Hello,
I want to know which macro is quicker.
Using EAX as a buffer or pushing and popping to/from the stack.
Thanks in advance.
i believe a mov is always faster, but some will dispute that.
only way to know for sure is time your code.
Quote from: Kernel_Gaddafi on June 27, 2008, 04:13:46 PM
i believe a mov is always faster
That seems intuitive, I'll agree.
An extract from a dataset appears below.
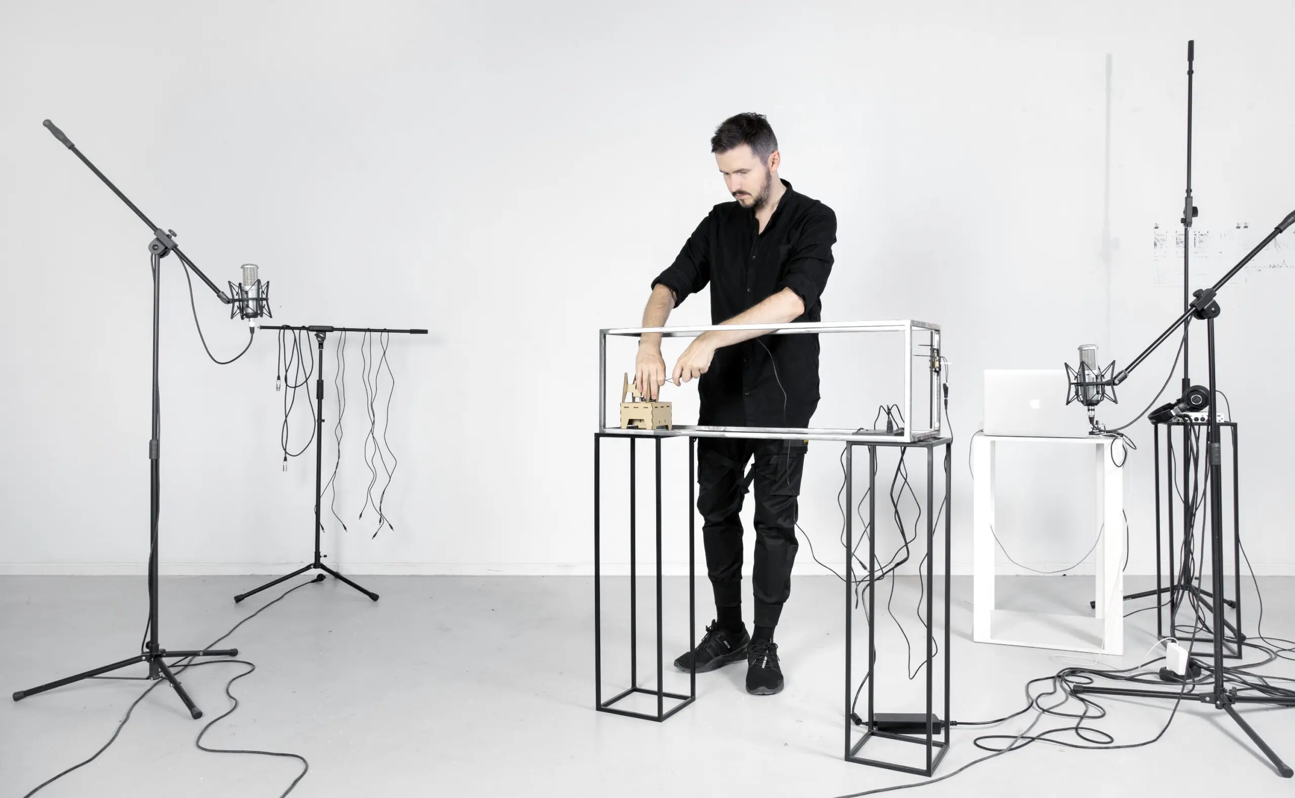 Jacek Doroszenko – polish audio-visual artist, graduate of the Academy of Fine Arts in Cracow. Scholarship holder of the Minister of Culture and National Heritage 2020, the City of Toruń in the field of culture in 2011 and resident at, among others, AAVC Hangar Barcelona in Spain, Kunstnarhuset Messen Ålvik in Norway, Atelierhaus Salzamt Linz in Austria, The Island Resignified Lefkada in Greece, Petrohradska Kolektiv Prague in the Czech Republic, Klaipeda Culture Communication Center in Lithuania. He has participated in The Wrong New Digital Art Biennale in Rio de Janeiro, FILE Electronic Language International Festival in Sao Paulo, Transmission Arts Festival in Athens, ISEA International Symposium on Electronic Art in Vancouver, Athens Digital Arts Festival, Future Places Festival in Porto, European Media Art Festival in Osnabrück, R>>EJECT Radicals Festival in Rotterdam, CoCart Festival in Toruń, Open-Source Art Festival in Sopot, Mediations Biennale in Warsaw, among others. He has presented his works at Propaganda Gallery in Warsaw, Exgirlfriend Gallery in Berlin, Jedna Dva Tři Gallery in Prague, Starak Family Foundation in Warsaw, Wroclaw Contemporary Museum, Witold Lutosławski National Forum of Music in Wroclaw, Polish Institute in Düsseldorf, among others. The artist’s visual works are reflected in the field of music and sound art. His musical compositions have been released in the form of albums of international reach, including Infinite Values, Time Released Sound in the USA; Wide Grey, Eilean Records in France; Soundreaming and Bodyfulness, Audiobulb Records in the UK.

However, I seem to recall some testing that happened a while ago (here somewhere, try searching) that found m2m was actually faster.
Caught quite a few people by surprise :bg
Cheers,
Zooba :U
Noob,
The usage depends on what you are doing, in the middle of a pile of messy API code, "m2m" is easily fast enough but the other macro that uses a register is usually faster so if the code you are writing is closer to the bare mnemonic end its probably a better choice.
Running on my P3, I cannot find any circumstances where m2m is faster.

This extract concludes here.